Know Your Exit Strategy
Identify the point where vibe coding velocity drops below manual coding velocity. This crossover point exists in every project, usually when the accumulated context exceeds what the AI model can reliably track, or when changes require understanding cross-cutting concerns the AI was never explicitly told about. Refactor AI-generated code into maintainable modules before building further. Document the architectural decisions you accepted from the AI, because six months later, nobody will remember why the code is structured the way it is.
The Bigger Picture: What Vibe Coding Means for Developers
A Shift in the Developer Skill Set
Vibe coding does not eliminate the need for programming knowledge. It reshifts which skills matter most. Prompting effectively is a real skill, but it layers on top of, not in place of, understanding code. The developers who get the most from vibe coding are those who can evaluate output quickly, spot subtle errors, and know when the AI is confidently wrong. Code review, architecture, and system design become more important, not less, when an AI generates the implementation rather than a human writing it.
Junior developers should learn fundamentals before adopting vibe coding as a primary workflow.
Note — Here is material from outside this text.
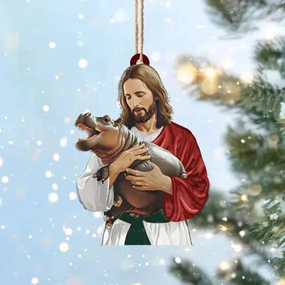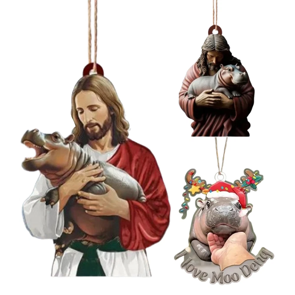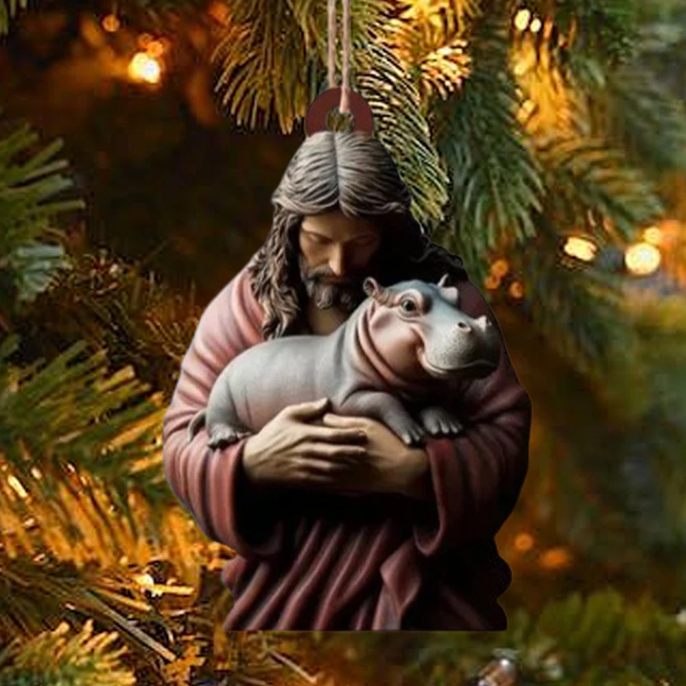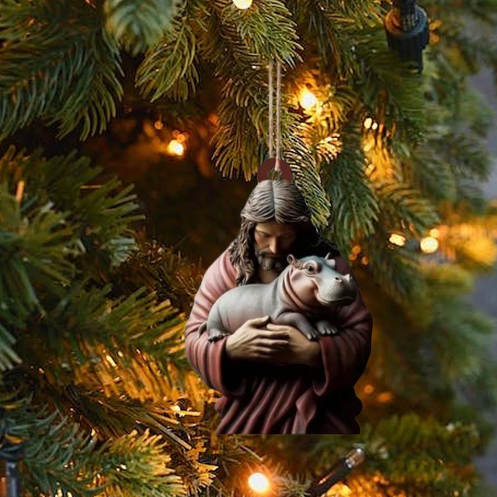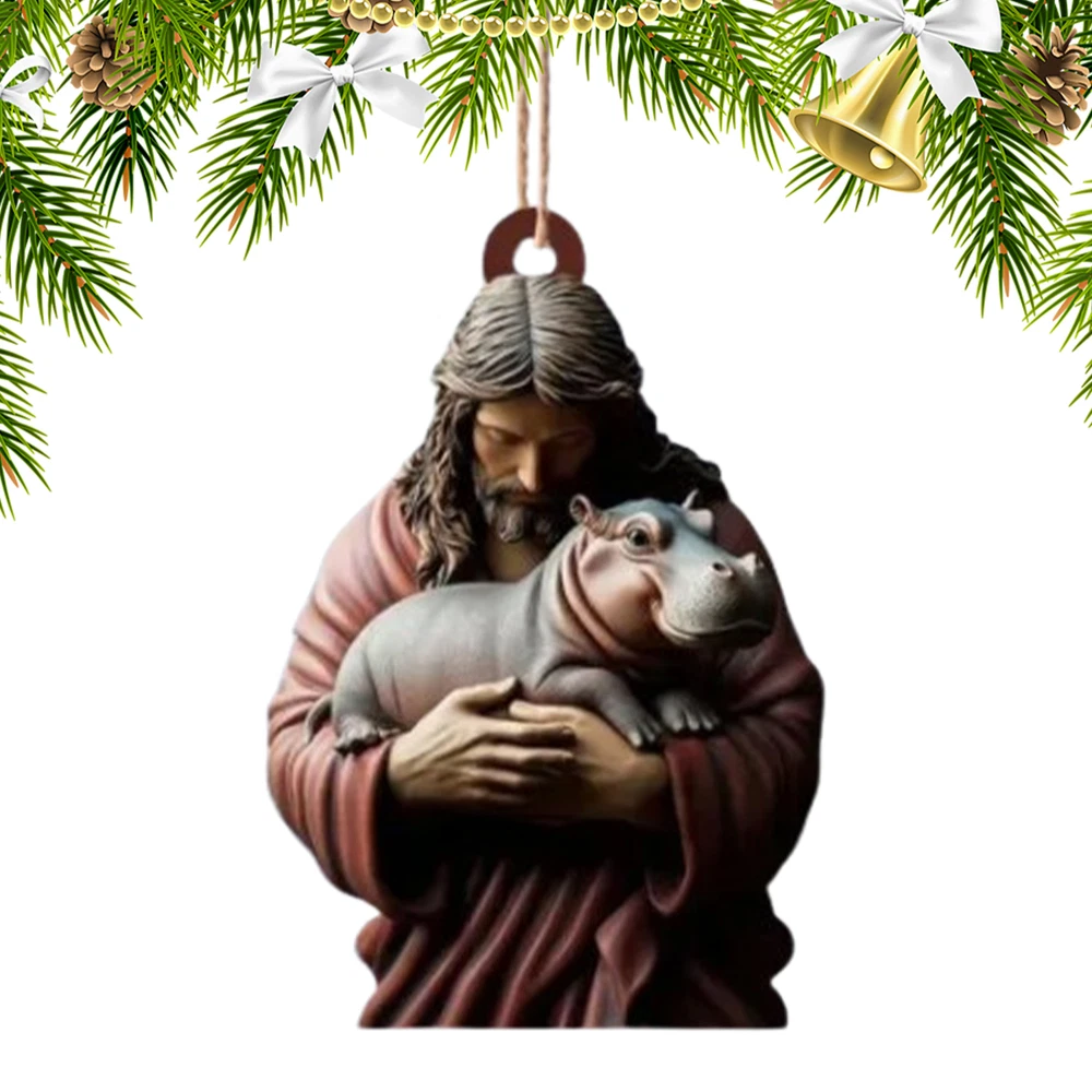 1x Christmas Ornament Jesus Hippopotamus 2d Christmas Acrylic Hanging Decoration

Using AI to generate code you cannot evaluate is not productivity. It is risk deferral.
Where This Is Headed
The trend so far suggests that IDE-integrated AI agents are becoming the default development environment. Cursor, Windsurf, and their competitors are converging on a model where the AI handles implementation and the developer handles intent, review, and architectural decisions. Today's vibe coding workflows will likely evolve into more structured agentic workflows, with better guardrails, richer context management, and more reliable output.
Vibe coding is a tool in the toolbox. One that compresses hours of scaffolding into minutes, but carries real constraints.
Vibe coding is a tool in the toolbox. One that compresses hours of scaffolding into minutes, but carries real constraints. Engineers who understand both its capabilities and its failure modes will build faster without building worse.